* [Records to use]:
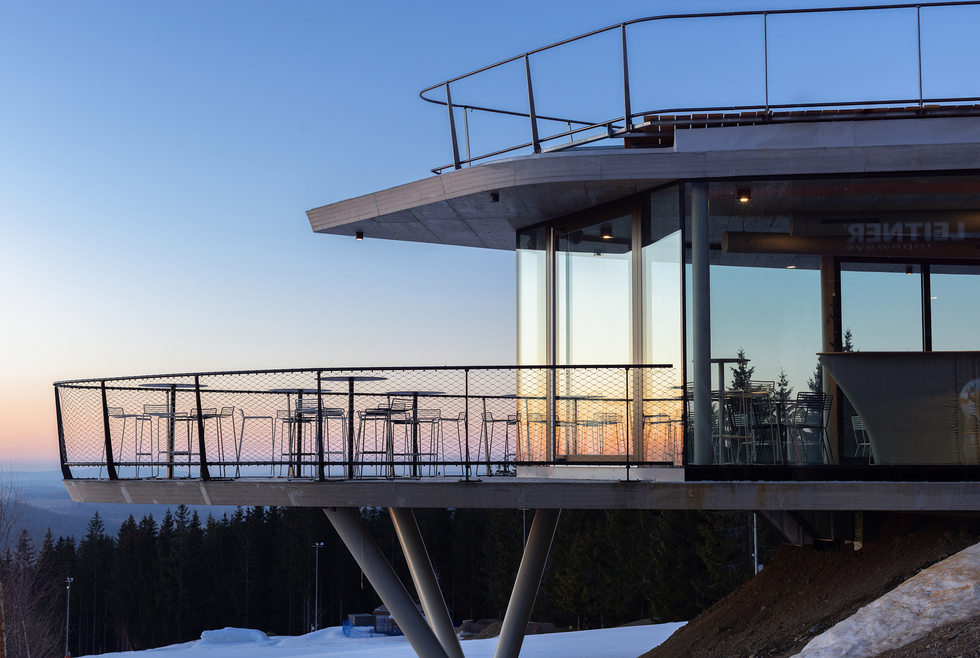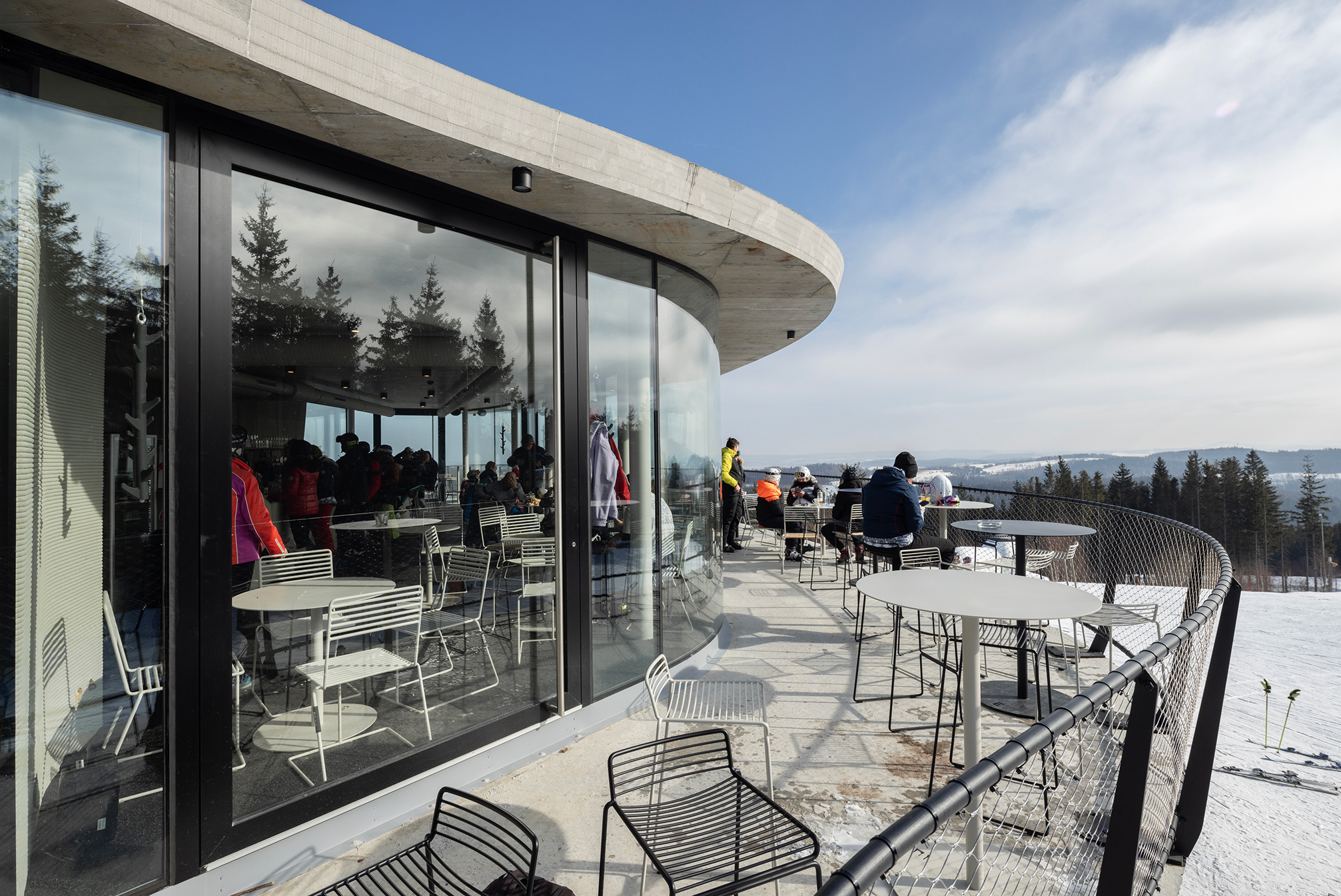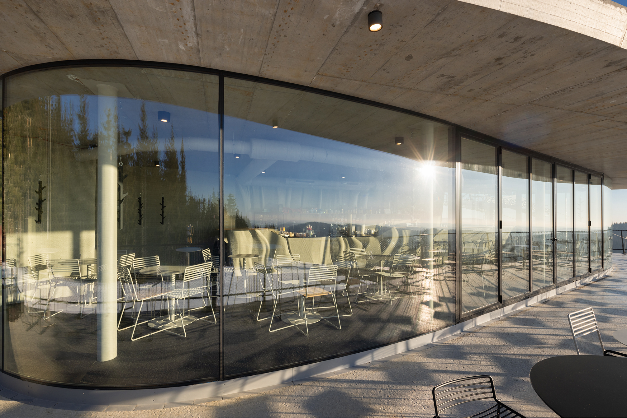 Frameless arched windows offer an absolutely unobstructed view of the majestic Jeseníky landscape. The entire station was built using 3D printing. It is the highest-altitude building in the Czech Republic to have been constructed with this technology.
---
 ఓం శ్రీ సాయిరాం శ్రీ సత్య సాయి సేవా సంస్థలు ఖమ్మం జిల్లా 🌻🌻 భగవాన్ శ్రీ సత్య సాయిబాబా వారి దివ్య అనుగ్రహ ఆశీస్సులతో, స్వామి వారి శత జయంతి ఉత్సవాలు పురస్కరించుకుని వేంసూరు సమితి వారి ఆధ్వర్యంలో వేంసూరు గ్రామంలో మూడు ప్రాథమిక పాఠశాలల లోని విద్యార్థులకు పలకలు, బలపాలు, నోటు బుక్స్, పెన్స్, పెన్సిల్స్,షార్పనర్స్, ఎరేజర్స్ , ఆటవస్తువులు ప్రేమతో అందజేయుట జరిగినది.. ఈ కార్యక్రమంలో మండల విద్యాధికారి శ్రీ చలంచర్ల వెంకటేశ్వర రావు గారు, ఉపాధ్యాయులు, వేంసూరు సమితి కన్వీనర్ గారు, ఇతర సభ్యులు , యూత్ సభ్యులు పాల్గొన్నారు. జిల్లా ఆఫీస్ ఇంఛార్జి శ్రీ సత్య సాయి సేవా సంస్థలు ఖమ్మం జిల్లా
...
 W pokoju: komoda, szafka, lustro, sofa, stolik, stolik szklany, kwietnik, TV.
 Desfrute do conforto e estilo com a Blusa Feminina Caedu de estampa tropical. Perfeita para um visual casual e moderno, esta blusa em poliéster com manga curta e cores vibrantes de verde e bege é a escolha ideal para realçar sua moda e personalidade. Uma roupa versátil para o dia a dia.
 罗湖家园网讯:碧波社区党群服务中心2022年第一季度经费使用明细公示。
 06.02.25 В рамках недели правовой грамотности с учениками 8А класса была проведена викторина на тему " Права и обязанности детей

* [Aim of the task]:
In the listing above, find the line with "Desfrute do conforto" and the line with "06.02.25 В рамках". Output those two lines and every line between them, exactly as written.

* [Task result]:
 Desfrute do conforto e estilo com a Blusa Feminina Caedu de estampa tropical. Perfeita para um visual casual e moderno, esta blusa em poliéster com manga curta e cores vibrantes de verde e bege é a escolha ideal para realçar sua moda e personalidade. Uma roupa versátil para o dia a dia.
 罗湖家园网讯:碧波社区党群服务中心2022年第一季度经费使用明细公示。
 06.02.25 В рамках недели правовой грамотности с учениками 8А класса была проведена викторина на тему " Права и обязанности детей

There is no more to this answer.